A framework for quantification of coupling risk in the transition between operational modes of MASS

The rapid development of Maritime Autonomous Surface Ships (MASS) marks a significant leap towards enhanced efficiency and safety in the maritime industry. In this context, a transition process between modes of operation (MoO) is crucial for maintaining navigational safety and operational effectiveness. These transitions, however, may introduce complex functional couplings that generate performance fluctuations, posing new challenges for navigation safety. Despite increasing focus on MASS safety, current research lacks a systematic approach to identify coupling risks during MoO transitions.

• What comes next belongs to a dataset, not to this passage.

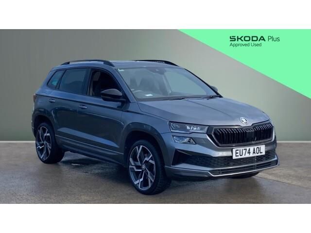 Bold, sporty and packed with premium technology, this Skoda Karoq Estate 1.5 TSI Sportline DSG is a fantastic example of one of Skodas most desirable SUVs. Registered on a 74 plate and finished in stylish Grey, this eye catching Karoq has covered just 7,506 miles and offers the appeal of a nearly new vehicle with exceptional value. Under the bonnet sits the lively and efficient 1.5 TSI petrol engine, delivering strong performance, smooth acceleration and impressive fuel efficiency. Paired with the highly regarded DSG automatic gearbox, the Karoq provides a refined and effortless driving experience whether you are navigating city streets, tackling the daily commute or cruising on the motorway. The Sportline model adds a dynamic edge to the already impressive Karoq with distinctive styling, sporty interior detailing and a high level of specification. Inside you will find a modern and well appointed cabin featuring satellite navigation, a large touchscreen infotainment system, Virtual Cockpit digital display, smartphone connectivity with Apple CarPlay and Android Auto, adaptive cruise control, LED headlights and parking sensors. The elevated driving position, spacious interior and flexible boot space make this SUV ideal for family life and everyday practicality. When you buy from Vertu Skoda Darlington you can do so with complete confidence. Our dedicated team provide outstanding customer service and every vehicle is prepared by manufacturer trained technicians to ensure it meets the highest standards. This vehicle is supplied through the Skoda Approved Used programme which includes a comprehensive multi point inspection, a minimum 12 month Skoda warranty, 12 months roadside assistance and full vehicle history and mileage checks, giving you total peace of mind. With low mileage, sporty Sportline styling and a superb level of equipment, this Skoda Karoq DSG represents an excellent opportunity to own a highly desirable SUV. Demand for low mileage automatic Karoq models remains extremely strong, so contact Vertu Skoda Darlington today to arrange your viewing or te

To fill this gap, this study presents a four-step quantitative framework that integrates Sequentially Timed Events Plotting, the Functional Resonance Analysis Method and Monte Carlo simulations. The framework identifies key functions and their interrelations during MoO transitions, quantifies the performance variability in the couplings, and pinpoints high-risk couplings and resonance paths. A case study focusing on a MASS encountering fishing vessels without Automatic Identification System data is presented to illustrate the framework’s application. The results reveal high-risk resonance paths involving situational awareness of the autonomous navigation system, ship-to-shore data transmission, and decision-making by seafarers on board and remote operators. Twelve measures are proposed, including AI-driven monitoring, multi-sensor fusion, and adaptive communication protocols to mitigate operational risks to ensure safe MoO transitions.